* [WHAT YOU NEED TO DO] Repeat exactly the line with "2. Thời lượng" and each line after it to the end of the data below; pictures stay out.

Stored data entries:
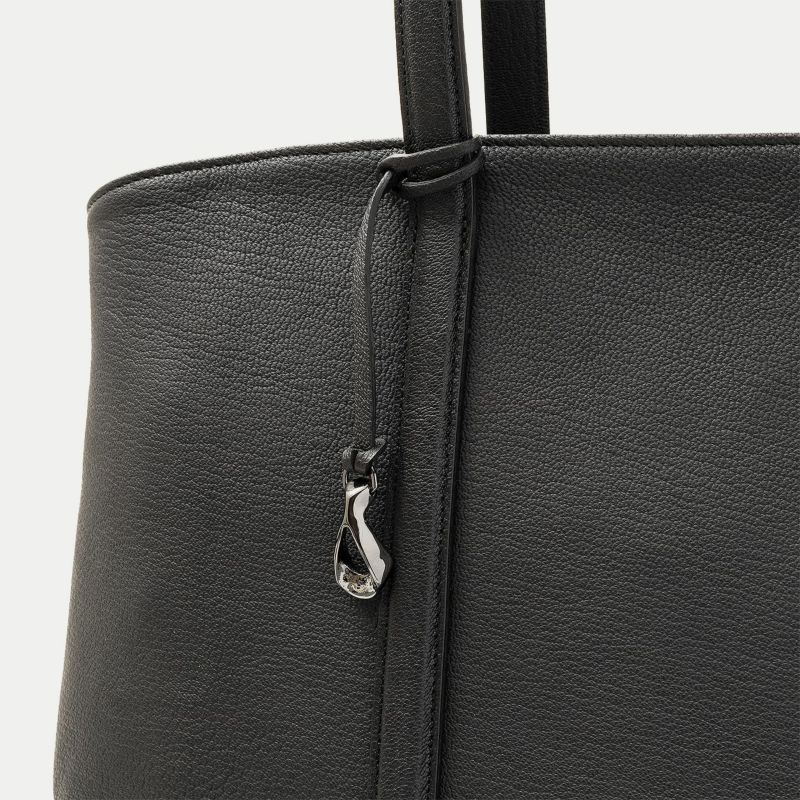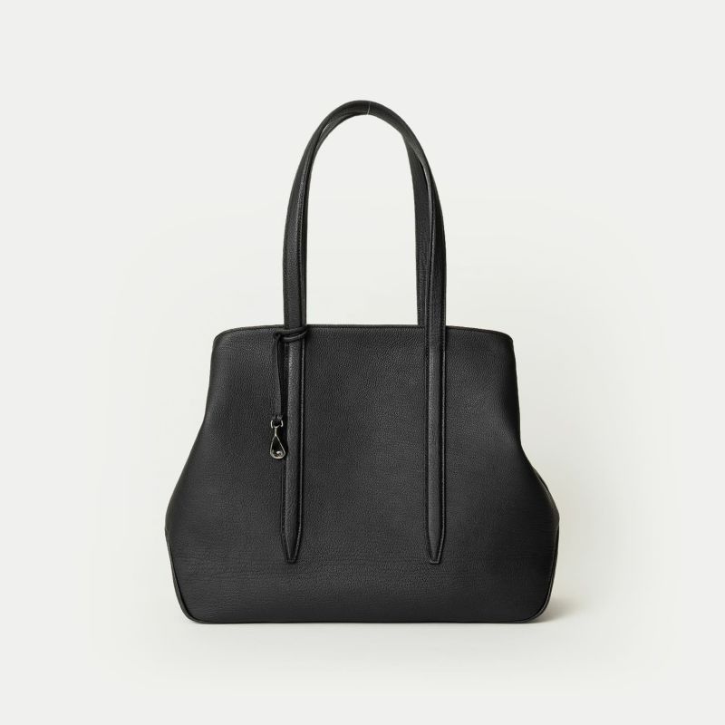 また、バッグの上部を、左右のマチに向かって下がっていくラインにしているのは、マチを内側に折り畳んでも天ファスナーがぶつからないための機能性とともに、エレガントで個性的な見た目の美しさも両立。さらに、底マチは、くびれをセンターに施すことで、肩掛けするときに体にフィットしてスムーズに持ち歩ける実用性と、独特のライン&フォルムがアクセントになっているデザイン性も兼ね備え、フォーマルにもカジュアルにもフレキシブルに活躍してくれます。
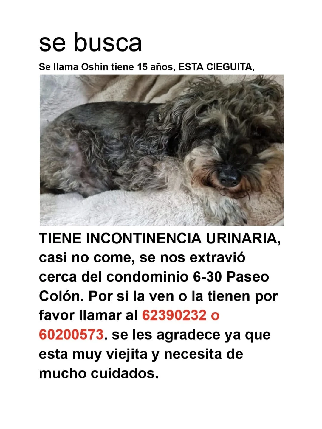 Si alguien la vio, la tiene o sabe algo.
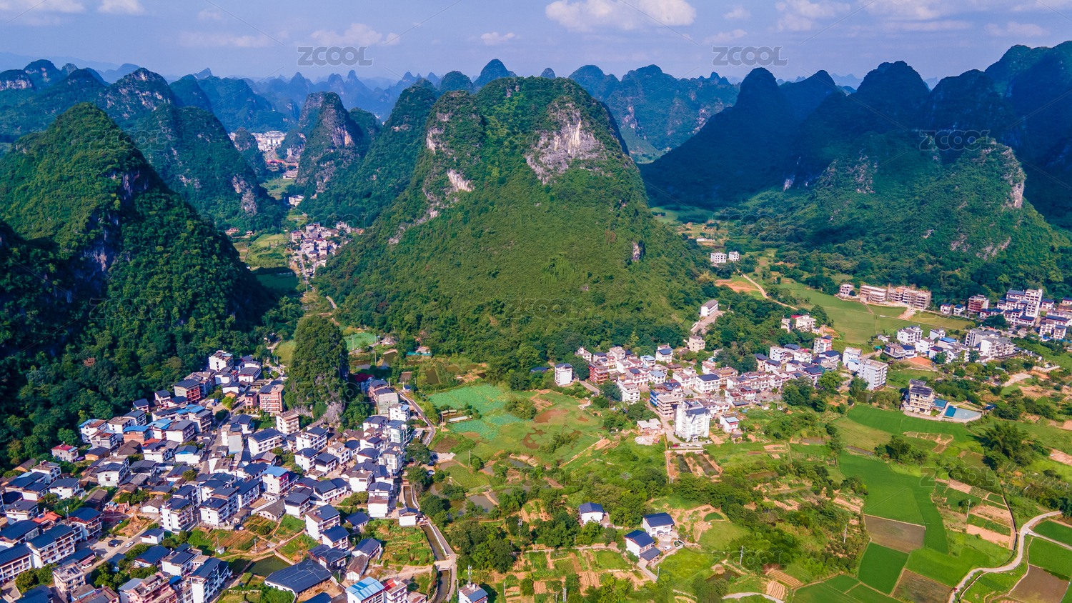 广西钟山县百里水墨画廊喀斯特峰林风光美
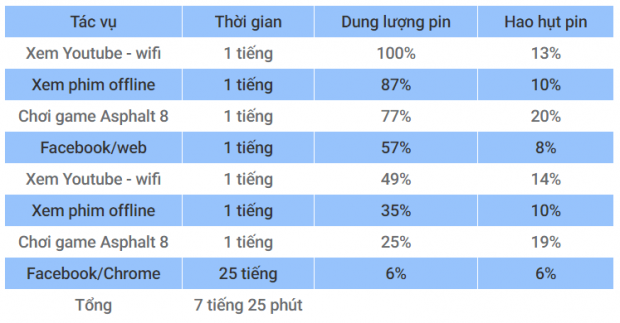 2. Thời lượng pin sử dụng liên tục: 7 giờ 25 phút
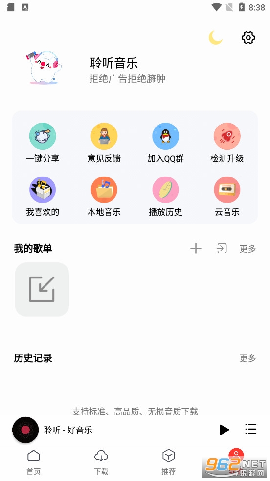 1、海量无损音乐库,享受高品质音频服务;
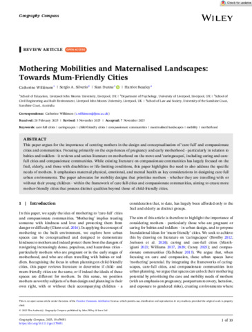 This paper argues for the importance of centring mothers in the design and conceptualisation of ‘care-full’ and compassionate cities and communities. Focusing primarily on the experiences of pregnancy and early motherhood - particularly in relation to babies and toddlers - it reviews and unites literature on motherhood on the move and ‘caringscapes’, including caring and care-full cities and compassionate communities. While existing literature on compassionate communities has largely focused on the frail, elderly, and those with disabilities or life-limiting conditions, this paper highlights the need to also address the specific needs of mothers. It emphasises maternal physical, emotional, and mental health as key considerations in designing care-full urban environments. The paper advocates for mobility designs that prioritise mothers - whether they are travelling with or without their young children - within the framework of care-full cities and compassionate communities, aiming to create more mother-friendly cities that possess distinct qualities beyond those of child-friendly cities.

* [EXERCISE OUTPUT]
 2. Thời lượng pin sử dụng liên tục: 7 giờ 25 phút
 1、海量无损音乐库,享受高品质音频服务;
 This paper argues for the importance of centring mothers in the design and conceptualisation of ‘care-full’ and compassionate cities and communities. Focusing primarily on the experiences of pregnancy and early motherhood - particularly in relation to babies and toddlers - it reviews and unites literature on motherhood on the move and ‘caringscapes’, including caring and care-full cities and compassionate communities. While existing literature on compassionate communities has largely focused on the frail, elderly, and those with disabilities or life-limiting conditions, this paper highlights the need to also address the specific needs of mothers. It emphasises maternal physical, emotional, and mental health as key considerations in designing care-full urban environments. The paper advocates for mobility designs that prioritise mothers - whether they are travelling with or without their young children - within the framework of care-full cities and compassionate communities, aiming to create more mother-friendly cities that possess distinct qualities beyond those of child-friendly cities.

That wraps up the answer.